出撃
維心は集結場所に行く前に使者達の居る場所に立ち寄った。使者の一人が維心を見て言う。
「龍王…?!」
維心は使者に言った。
「よくぞここまで参ったの。主の王は我らがこれよりすぐに助けてやるゆえ。主らはここで養生致せ。」
腕を失っているその使者は、涙を流して言った。
「おお…!やはりここまで来てようございました…。我らをこちらへこさせるため、宮のほとんどの軍神達が命を落とし申した。後は王よりほかに宮を守る者はおりませぬ。どうぞ、王を…!」
維心はその身から闘気をほんのりと上げて頷いた。
「任せるが良い。我が蛇を根絶やしにしてくれるわ。」
そして、くるりと踵を返すと、将維に言った。
「参る。」
将維は思わず頭を下げた。息子ではあっても、父であったもの。そして自分には、ここまでの決断力と闘争心がない。力は継いでいても…気質までは継いでいないのだ。
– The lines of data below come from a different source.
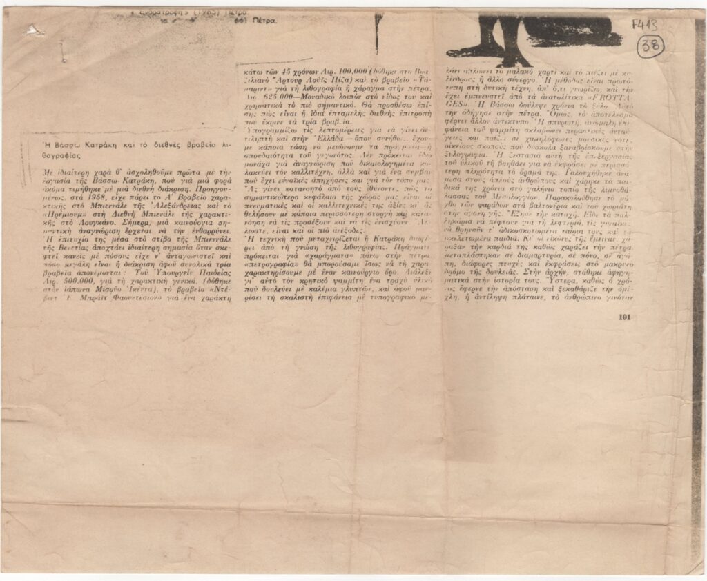 Φωτοαντίγραφο αποκομμάτων εντύπου, στα ελληνικά, χαρτί, 20,5×25,5 εκ. Δημοσιευμένο κείμενο του Τώνη Σπητέρη για το διεθνές βραβείο χαρακτικής που της αποδόθηκε στην Biennale της Βενετίας το 1966.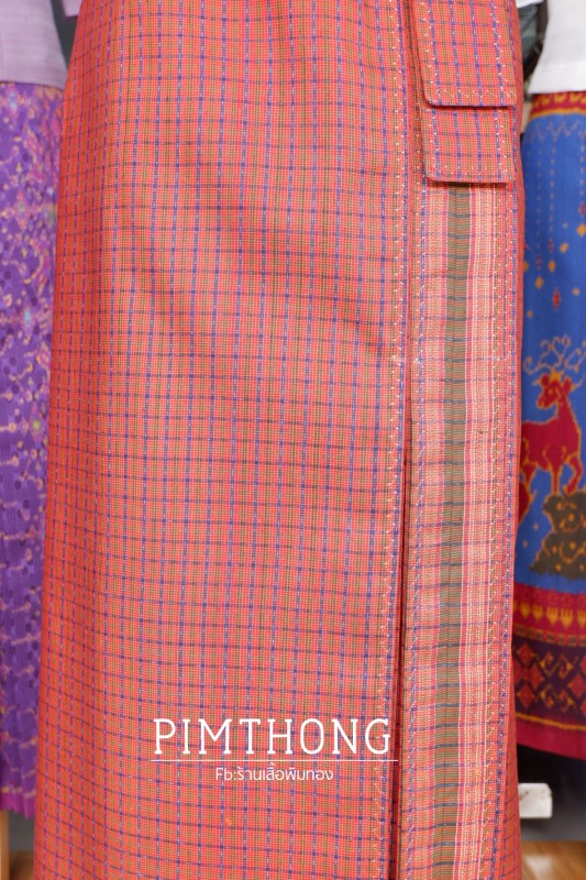 ผ้าถุงไหมแท้ทอมือ ลายสาคูหรือหลังเต่า 1 ในลายอัตลักษณ์ของจังหวัดสุรินทร์ ตัดทรงหน้านางข้างทวิส มีชายพกพับ เย็บแต่งลายเรียบร้อยสวยงาม
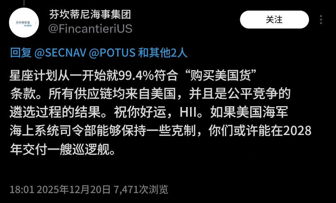 🔻网友分享:承建星座级的芬坎蒂尼美国公司不高兴了。🔻美国人评论:“哈哈这什么情况?国防部、海军和军火商在推特上打起来了,而且还抄送了特朗普总统。”🔻还有美国人评论:“换了我也要气炸:被美国海军折腾五年改了无数方案,结果他们自己定不下最终设计就突然撤单,害我失去收入来源,还得裁掉一批短期回不来的老员工。”🔻后来删掉了。热点现场海外新鲜事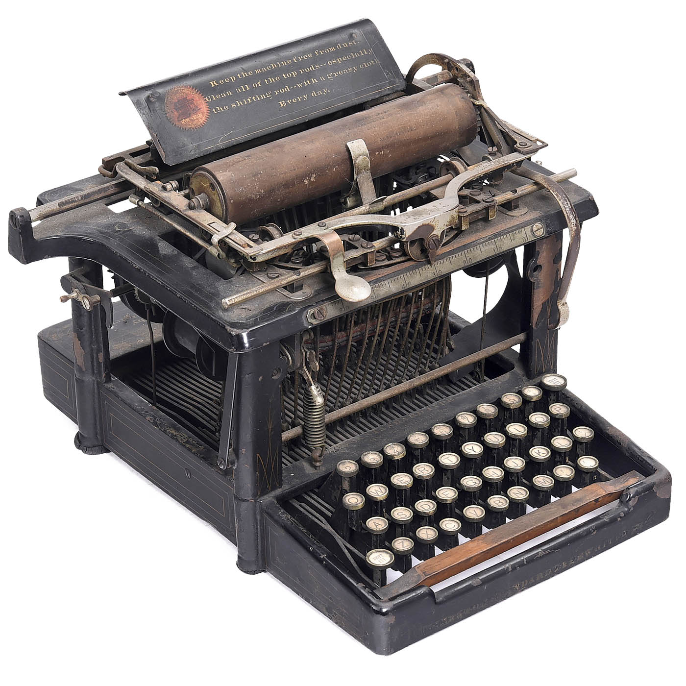 1) "The Empire No. 1", c. 1902, serial no. 33212, Williams Manufacturing Company, Montreal, Canada, thrust-action double-shift typewriter, 28 keys, working, in need of cleaning, with cover and wood base. (3–4/3) – 2) "L.C. Smith No. 8", c. 1918, with tabulator, working. (2–3/2–3) – 3) "Royal Standard No. 1", 1907, serial no. 2404, 4-row flatbed typewriter, somewhat dusty, working. (3-/2–3) – And: 4) "Remington Standard No. 2", 1890, serial no. 96922, American upstroke machine, partially rusty, carriage movement defective, with tin cover. Successor to the famous Sholes & Glidden, the first successful typewriter. (4-/4-)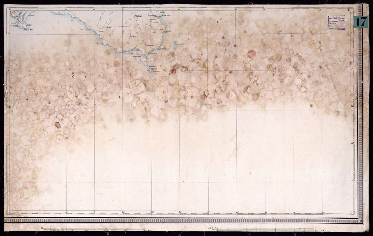 "Carta della Sardegna in 12 fogli più la copertina. Lo stato di deperimento in cui si trova la carta dimostra chiaramente che questa apparteneva a quelle carte catastali della Sardegna che furono salvate dall'incendio del Ministero delle Finanze in Torino e passate poi all'Ufficio Tecnico di Stato Maggiore."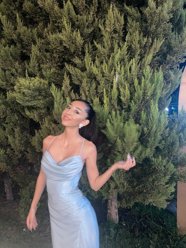 Mavi, uzun ve vücuda oturan abiye, ince askılı drapeli straplez yakaya sahiptir. Partiler için şık ve trend moda tarzını yansıtır. Normcore stilde, pastel ve desensizdir.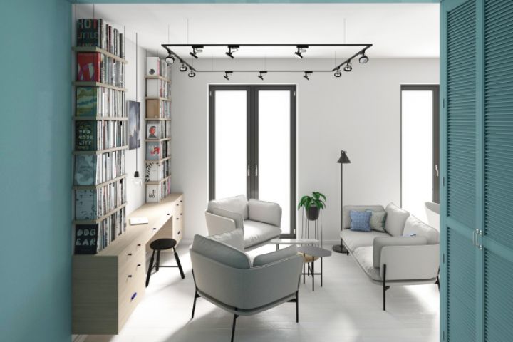 Концептуально пространство делится на разноцветные блоки: светло-синяя спальня, темно-синяя прихожая. Оба пространства вливаются в объединяющее белое пространство гостиной. Таким образом спальня становится немного темнее и приватнее, прихожая читается монолитным объемом и не акцентирует на себе внимание, кроме ярких светильников на темном фоне, гостиная и кухня, как места основного прибывания самые светлые и открытые.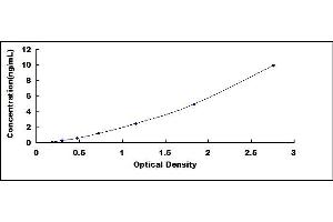 2. Standard - Reconstitute the Standard with 1.0 mL of Standard Diluent, keep for 10 minutes at room temperature, shake gently (not to foam). The concentration of the standard in the stock solution is 10 ng/mL. Prepare 7 tubes containing 0.5 mL Standard Diluent and produce a double dilution series. Mix each tube thoroughly before the next transfer. Set up 7 points of diluted standard such as 10 ng/mL, 5 ng/mL, 2.5 ng/mL, 1.25 ng/mL, 0.625 ng/mL, 0.312 ng/mL, 0.156 ng/mL, and the last microcentrifuge tube with Standard Diluent is the blank as 0 ng/mL.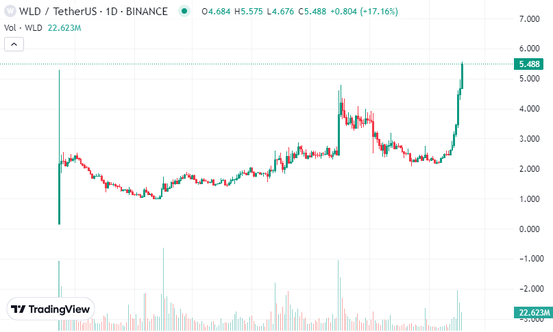 Курс Worldcoin (WLD) ведущей криптовалюты в категории токенов искусственного интеллекста (ИИ) обновил максимумы на фоне новостей о запуске нейросети Sora. Цена Worldcoin установила новый исторический максимум в $5.4, согласно Tradingview. Рыночная капитализация токена выроста до $700 млн. По данным Coinglass объемы торгов выросли до $180 млн. в сутки. Проект Worldcoin был основан Сэмом Альтманом, исполнительным директором OpenAI, компании — разработчика чат-бота ChatGPT. OpenAI запустила 16 февраля нейросеть Sora - модель искусственного интеллекта, позволяющую пользователям преобразовывать текст в видео. Новостной поток вокруг запуска графической нейросети Sora отразился и ведущих на токенах проектов из категории «искусственный интеллект», многие их которых выросли в цене более чем 30% за сутки.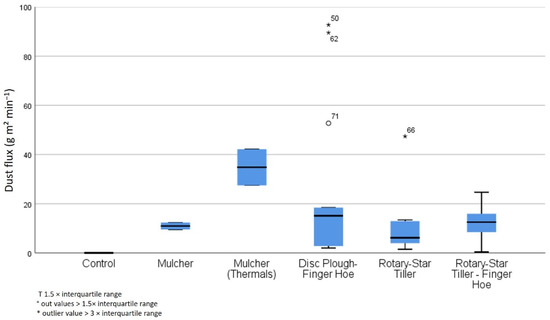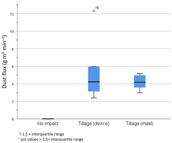 Measurements from each tillage operation were used as a mass collected per minute (g min−1), and the horizontal flux (g m2 min−1) was calculated by dividing this value by the total sampling area of 0.000050265 m2 (inlet area for one inlet). The data were tested for normality (K-S/S-W), Spearman’s rank coefficient was performed, mean values were derived, and boxplots were generated by means of SPSS Statistics 27.0 [48].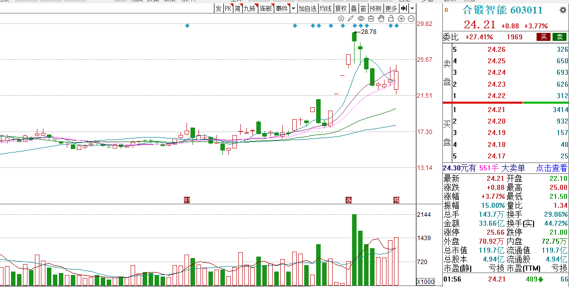 公司是成型机床领域单项冠军,在核聚变核心部件制造领域已经取得了突破性进展。可控核聚变是未来新能源终极目标,有望代替石油等传统能源,有望在2030年实现,市场想象科技还是非常大的。在前期核聚变也是市场热点之一,合锻智能走出了四连板成为板块核心头部。一般核心头部行情都会有反复活跃,该股在14天线重要的短线支撑位明显企稳,这两天明显放量拉升,说明地位开始有新的姿金流入。早盘集合竞价若在水上开还会有震荡,但在23附近支撑比较强。如果能和昨天一样继续放量低开高走,短线冲击前高的机会就非常大了。因此策略是弱转强再研究,水下震荡继续观望为主。

宮の上空へ着くと、軍神達が既に命令通り集結していた。維心は息も付かずに飛びながら叫んだ。
「西の果てへ参る!ついて参れ!」
途端にものすごいスピードで飛んだ。将維がやっとついて行けるその速さに、軍神達は必死に追い付こうと一斉に進み出した。そしてそれは、驚くほどの統率力で皆をぐいぐいと引っ張るように、大軍であるにも関わらずまとまって飛ぶことに繋がった。将維は振り返ってその事実に驚いた…軍は、王でこれほどに変わるのか。
維心の闘気はどんどんと膨れ上がって来る。顔を見ると、目がうっすらと光り、その激情が伝わって来る。それは、以前の維心にはないものだった。以前の維心は、静かな中に闘気をみなぎらせ、それがまた相手に畏怖を感じさせたものだった。しかし、違う…。将維は小さく不安を感じながらも、成す術なく維心に付いて飛んだ。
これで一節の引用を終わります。